Progress in the
Penal System (PIPS)

Conclusion PIPS 2018: Are we making progress in our penal system?

The IPRT Progress in the Penal System project seeks to drive positive change in Ireland’s penal system through setting standards of best practice and benchmarking progress towards these standards on an annual basis.

Since the publication of PIPS in October 2017, there has been some limited progress towards improvement in our penal system. IPRT’s overall assessment of progress over the last 12 months across each of the 35 standards has found:

The increase in prisoner numbers since the latter half of 2017 is of particular concern, and risks reversing the significant progress achieved by the State since 2011. If prisoner numbers are allowed return to previous levels, Ireland will not pave the way as a leading model of international best penal practice as we believe it can.

To address rising prisoner numbers, the stakeholders we have identified as ‘changemakers’ – the judiciary, probation, State bodies (including education, health, housing), media, and politicians – all have a significant role to play. PIPS aims to inspire these changemakers to work together towards a more effective and humane penal system, one that supports safer and more equal communities.

A continual challenge is the lack of robust data published by State bodies that could better inform research, policy and practice, and expedite improved processes, practices and policies. We welcome the Department of Justice and Equality’s recently published Data and Research Strategy 2018–2020,[723] which has the aim of addressing this gap.

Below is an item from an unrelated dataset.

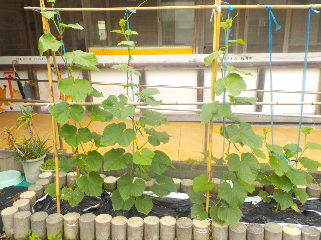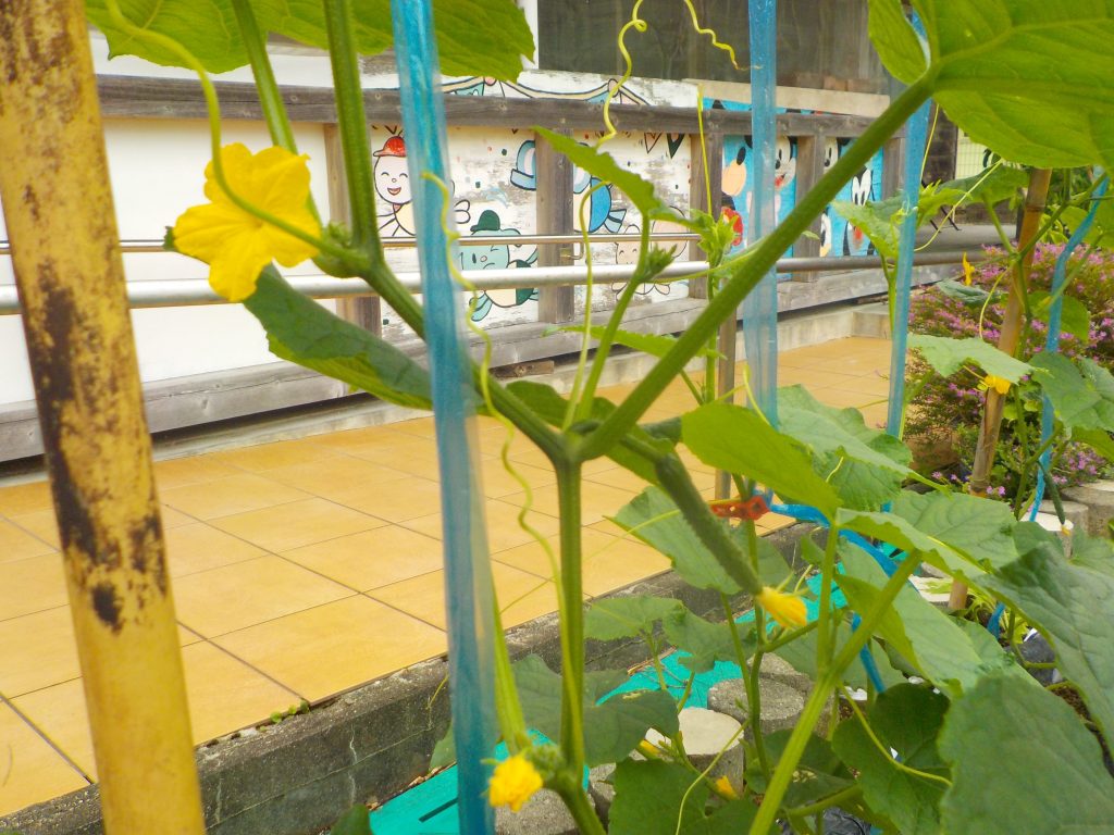 会員さんにいただいたきゅうりがすくすく成長しています。
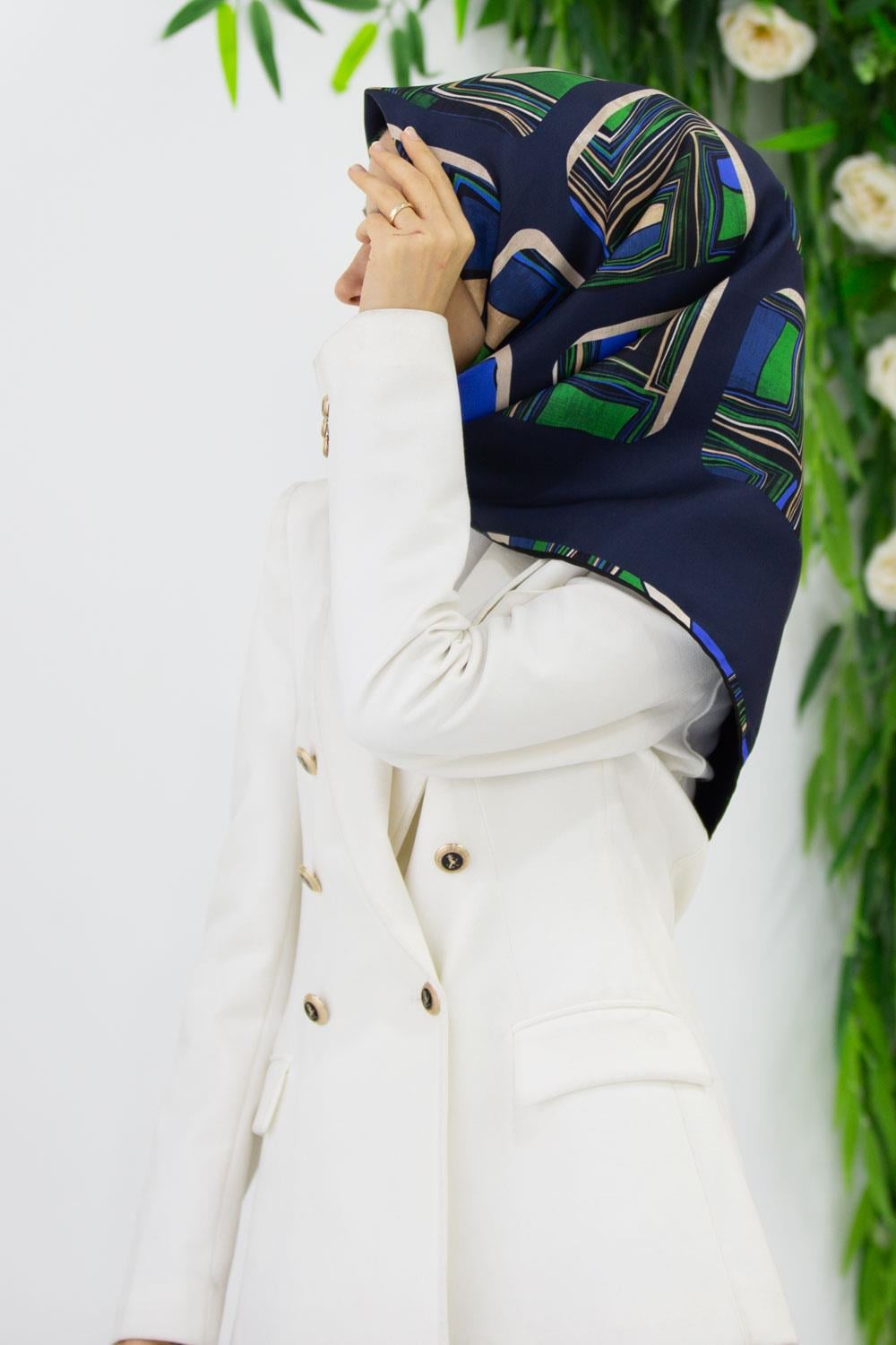 %100 Twill İpek Geometrik Kare Desenli Lacivert - Zümrüt Yeşili Renkli 90x90 Eşarp Dikim Şekli : El Dikişi

Without settled consensus across the criminal justice system and beyond on fundamental issues like penal policy creation and sentencing principles it will be difficult to ensure that any positive progress which has been achieved is not lost.

This year’s PIPS report highlights three key issues: (1) the number of people with severe mental illness presenting in our prison system, (2) the increasing numbers of women being detained in prison, with the two women’s prisons being the most overcrowded prisons in the State, and (3) staffing issues that have resulted in closure of schools and workshops, impacting on the daily regimes of prisoners. These issues need to be urgently addressed.

There are many innovative approaches that can be taken to address the range of issues, as identified throughout this report.

Positive developments within the penal system must also be acknowledged. These include: better cross-agency approaches through the initiatives such as the Joint-Agency Response to Crime (J-ARC) and the Interagency Group on Cooperation for a Fairer and Safer Ireland, as well as more structured release of prisoners through the Community Return Programme and Community Support Scheme. These positive programmes should be extended in 2019.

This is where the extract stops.